By then, the Smith Commission had already agreed a new devolution plan to set the rate and bands and collect income tax in Scotland, and over some areas of welfare including disability benefit and more borrowing powers, but that is already being superseded before it has even been proposed to the House of Commons.
As James Mitchell, professor of politics at the University of Edinburgh says, the recent General Election and the political fallout from it “suggests that something more than Smith is likely to be proposed”.
“Even if the UK Government refuses to offer anything more than Smith now, this matter is moving,” he adds.
Where is it moving to? Nicola Sturgeon’s Scottish Government is seeking a phased transition to “full financial responsibility” – the SNP’s rebrand of ‘full fiscal autonomy’ – which would see “priority” areas like national insurance contributions, employment law and full welfare powers devolved first, before moving to Scotland raising and spending all of its own money and paying back to the UK Parliament for reserved services like defence and monetary policy.
This is a long way off what the Tory government at Westminster currently has in mind, as it seeks to focus on the full devolution of the Smith Agreement in the Queen’s Speech on 27 May, although it is currently in question as to whether even this will be proposed to the House of Commons in full.

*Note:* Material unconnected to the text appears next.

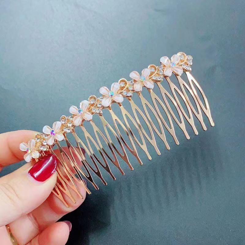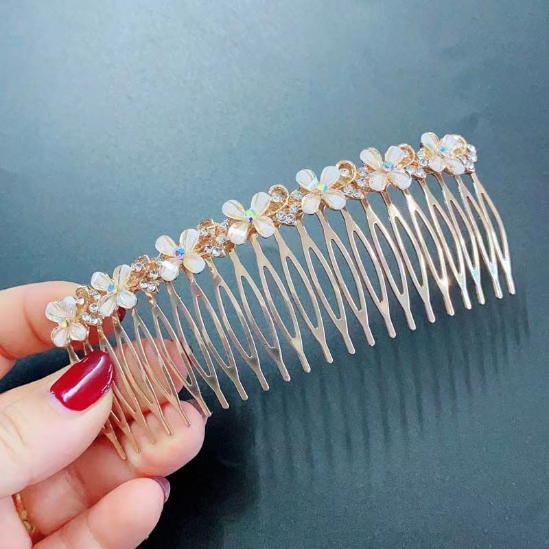 18-tooth champagne four-petal flower hair comb
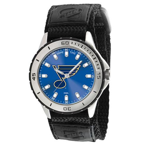 St. Louis Blues veteran watch features an officially licensed team logo, stainless steel back, black velcro band, rotating bezel, and quartz accuracy. It is shock and water resistant to 3ATM. Limited lifetime warranty. Strap Length: 5.5 in - 7.75 inWeight: 0.35 lbWidth: 46 mmCase: 42 mmLug: 22 mmThickness: 11 mmPackaged Dimensions: 2.75in W x 4.5in L x 4.5in HBattery: SR626 (1)

The political balance between Edinburgh and London is a recipe for much push and pull back and forth over the next few years, all distilled through the wider political climate of Tory austerity and a referendum on the EU, issues which create further tension between Scotland and the rest of UK, the SNP and the Tories.
It all amounts to massive uncertainty about the future of devolution, premised as it is upon various factors and forces.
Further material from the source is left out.